Given the guerilla, on-the-fly filmmaking tactics, the film is decidedly rough around the edges, showing its budgetary limitations with the use of green screen for second-unit footage and some disjointed editing. But, despite not being a polished technical showcase, the notion that it was made at all is pretty incredible. With a gorgeous monochrome palette and ghoulishly bizarre imagery, Moore and cinematographer Lucas Lee Graham manage to strip the magical landscape of its cheer and color, conveying a nightmarish phantasmagoria. Composer Abel Korzeniowski also deserves major props for combining the soaring strings of Old Hollywood into a sensory work of menace. Moore's ideas about imagination, perception, paranoia, disillusionment and a manufactured, uber-happy facade for commercialism and something nefarious are nothing short of admirable, either. The audacious execution of those ideas can even be darkly amusing. For instance, "Wow, it's a giant testicle," Jim comments when he and his family approach the Spaceship Earth ball at Epcot, which could be hiding a mad scientist inside. Those turkey legs sold at the park vendors? They could really be emu meat.

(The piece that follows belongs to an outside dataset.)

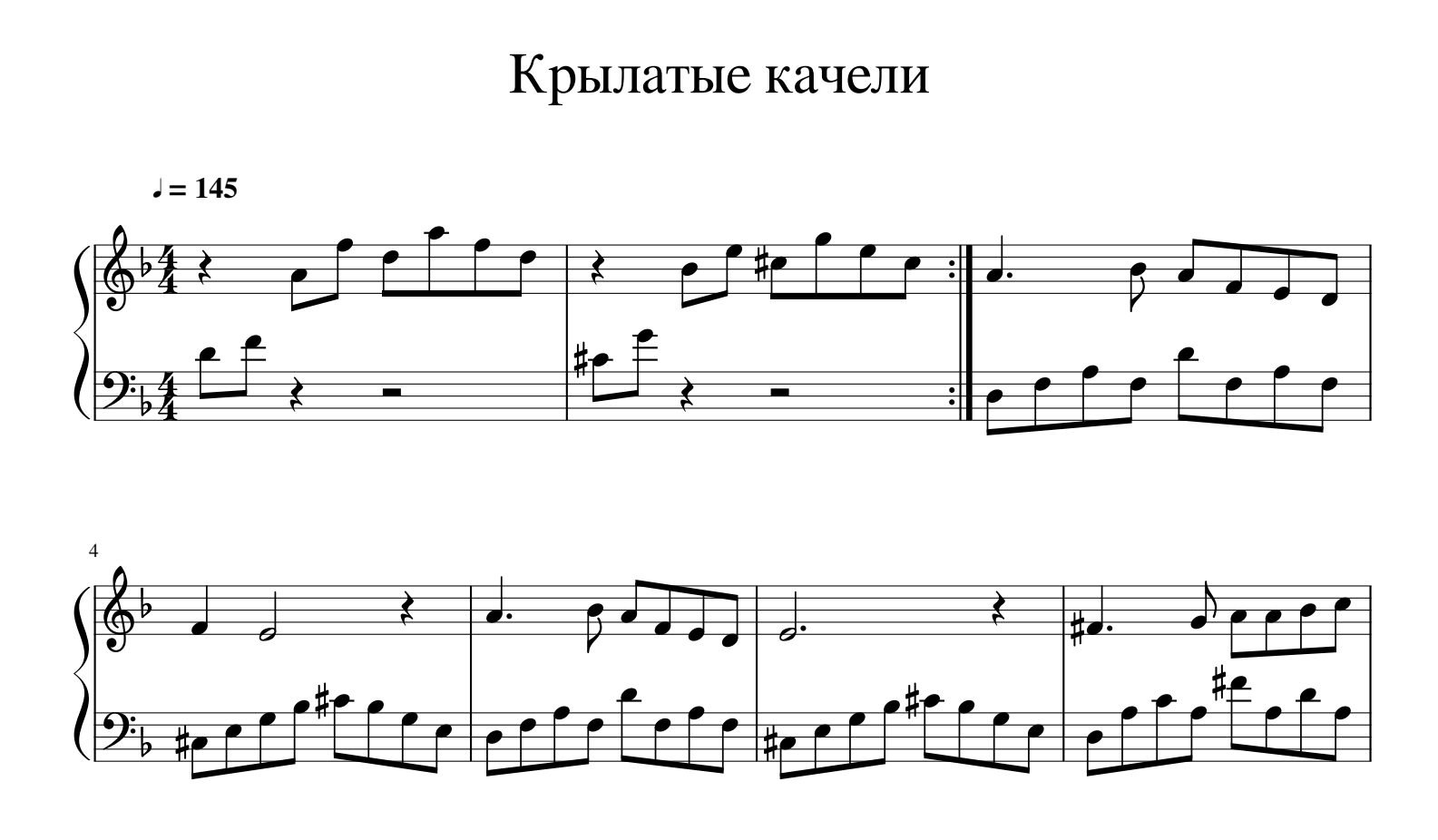 Крылатые качели Ноты для фоно

However, even if David Lynch might be envious he didn't think of the inspired and controversial concept first, "Escape from Tomorrow" is ultimately curtailed by adding up to less than it should and getting almost too outlandish for its own good. Does Moore want us to take this family as pawns for satire or genuinely care about their fates? Satirically, it works; dramatically, there is little impact. In the final analysis, though, where Moore faults in some of the drama and less-than-assured pacing, he does achieve an unsettling, unwholesome dream and quite the ambitious stunt for the rule-breaking experimental crowd. It's an oddity destined to polarize audiences that actually seek it out, and if you don't know what to make of it, you will definitely have some second thoughts about taking your kids to the so-called "Happiest Place on Earth." At least the hedonistic Spring Break is what it is.